Bruno Vespa: “Io tradito da tutti, ma poi si sono pentiti”

[…] A proposito di Berlusconi, è vero che avrebbe detto a Renzi di aver candidato lei al Colle?
«Me lo ha detto Renzi e non ho motivo per dubitare. Ovviamente è una cosa fuori dal mondo, come gli ha risposto Renzi stesso».

Che rapporto aveva con San Giovanni Paolo II?
«Wojtyla è il mio Papa. Non dimenticherò mai l’ incontro a Cracovia quando era cardinale. Rimasi impressionato dalla presa che aveva sui giovani. Salutandoci, d’ impatto gli chiesi se non fosse arrivato il tempo per un papa polacco. Lui mi rispose: “Troppo presto”. Da credente mi sono convinto che nei piani divini, di mezzo dovesse esserci Giovanni Paolo I a fare da cuscinetto».

[…] Il caso Renzi-Mancini e l’ incontro in autogrill ripreso da una signora di passaggio e mandato su Report. Che ne pensa?
«Non mi piace parlare di trasmissioni altrui. Ma trovo strano che una professoressa passi per caso e ancora per caso riconosca i due e riesca a filmarli. Clamoroso».
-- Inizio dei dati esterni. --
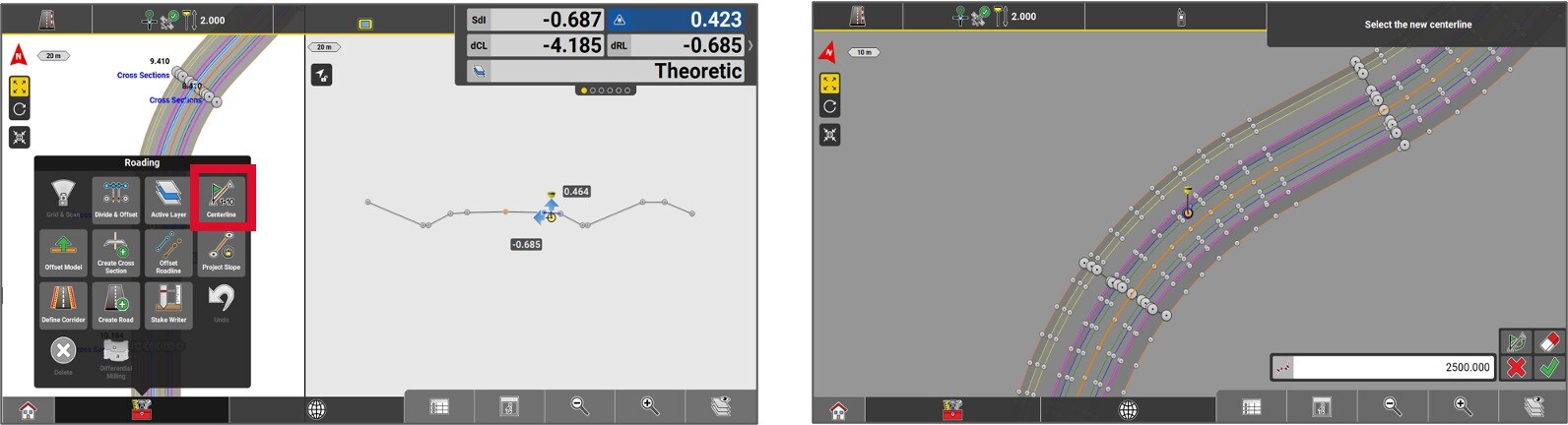 - Follow the steps indicated on the top left corner of the screen. Select the primary alignment (centerline).

Il Covid ha rubato ai ragazzi anche le loro foto di scuola. Lei riguarda le sue foto di classe e, quando si vede con Giorgio Pietrostefani, mandante dell’ omicidio Calabresi, che pensa?
«La scuola è un pezzo di vita, ma guardando quelle foto vedo persone oggi anziane. La penso come Mario Calabresi, il figlio del commissario ucciso, non è tempo per la vendetta. Ma il passo di Macron di ristabilire il principio è stato enorme».